*** MATERIAL PROVIDED ***

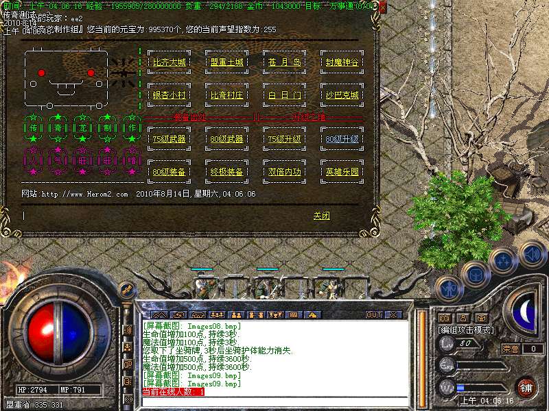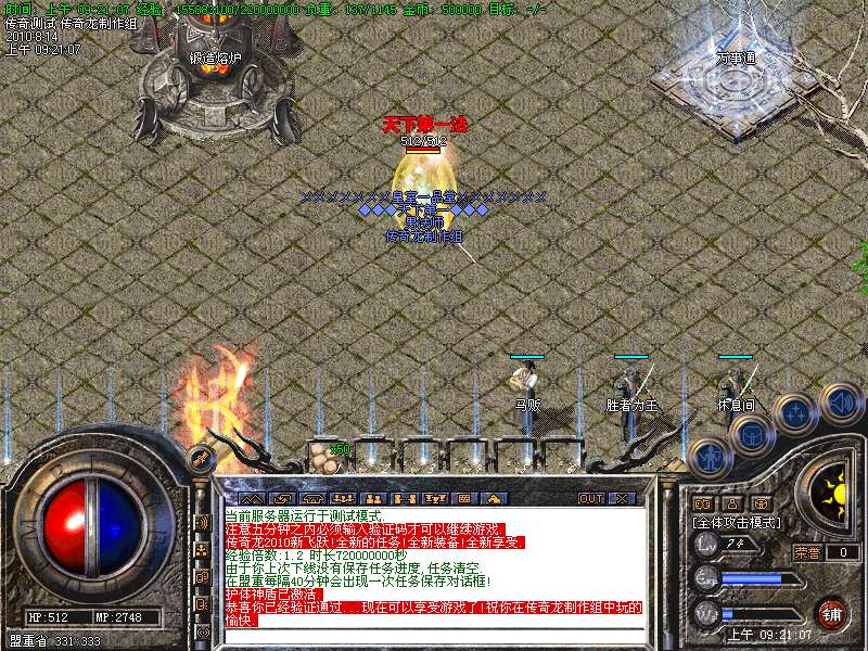 2010.08.05 增加了新手练级地图 30分钟升75级,40级自动送装备,60级自动送装备。
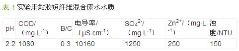 實驗所用廢水是唐山某化纖廠黏膠短纖維生產廢水,其中酸性含SO42-的廢水用吹脫+碳酸鋇化學沉淀法處理去除廢水中的CS2、H2S 并回收SO42-后與其他廢水混合,其水質如表 1所示。
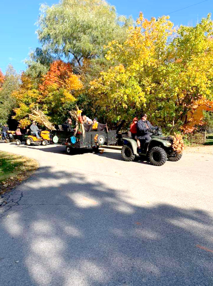 Lots to be grateful for – What can you do if COVID-19 ruins your Thanksgiving plans? Heather Quigley and Laura Forbes came up with the answer. They suggested the village of Everton could hold a parade as a way for people to meet up on Thanksgiving day and still be physically distanced. With support from members of the community, they gathered various garden vehicles and the parade wound its way through all the streets in town. If residents weren’t part of the procession, they came out to wave and greet the procession. Submitted photos
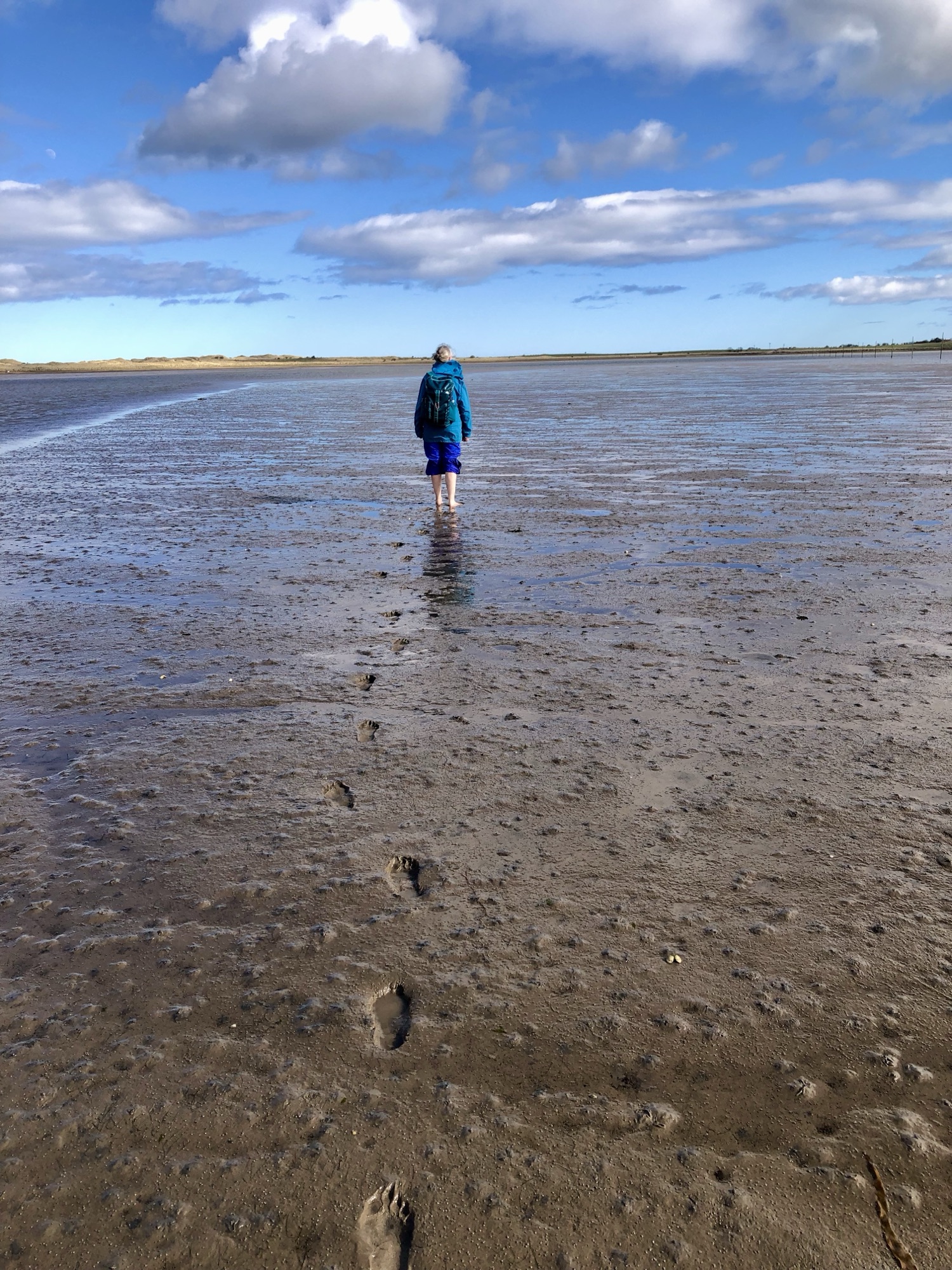 Below are images of the first part of the 3-mile walk. The idea of leaving our footprints in the sand was very significant to us. When we stepped off the causeway onto the beach a professional photographer was working and he graciously agreed to snap some photos of us beginning the walk. Lindisfarne can be seen on the horizon.

***

■ PROBLEM TO WORK ON
Repeat the data exactly, without the pictures.

■ WRITTEN SOLUTION
 2010.08.05 增加了新手练级地图 30分钟升75级,40级自动送装备,60级自动送装备。
 實驗所用廢水是唐山某化纖廠黏膠短纖維生產廢水,其中酸性含SO42-的廢水用吹脫+碳酸鋇化學沉淀法處理去除廢水中的CS2、H2S 并回收SO42-后與其他廢水混合,其水質如表 1所示。
 Lots to be grateful for – What can you do if COVID-19 ruins your Thanksgiving plans? Heather Quigley and Laura Forbes came up with the answer. They suggested the village of Everton could hold a parade as a way for people to meet up on Thanksgiving day and still be physically distanced. With support from members of the community, they gathered various garden vehicles and the parade wound its way through all the streets in town. If residents weren’t part of the procession, they came out to wave and greet the procession. Submitted photos
 Below are images of the first part of the 3-mile walk. The idea of leaving our footprints in the sand was very significant to us. When we stepped off the causeway onto the beach a professional photographer was working and he graciously agreed to snap some photos of us beginning the walk. Lindisfarne can be seen on the horizon.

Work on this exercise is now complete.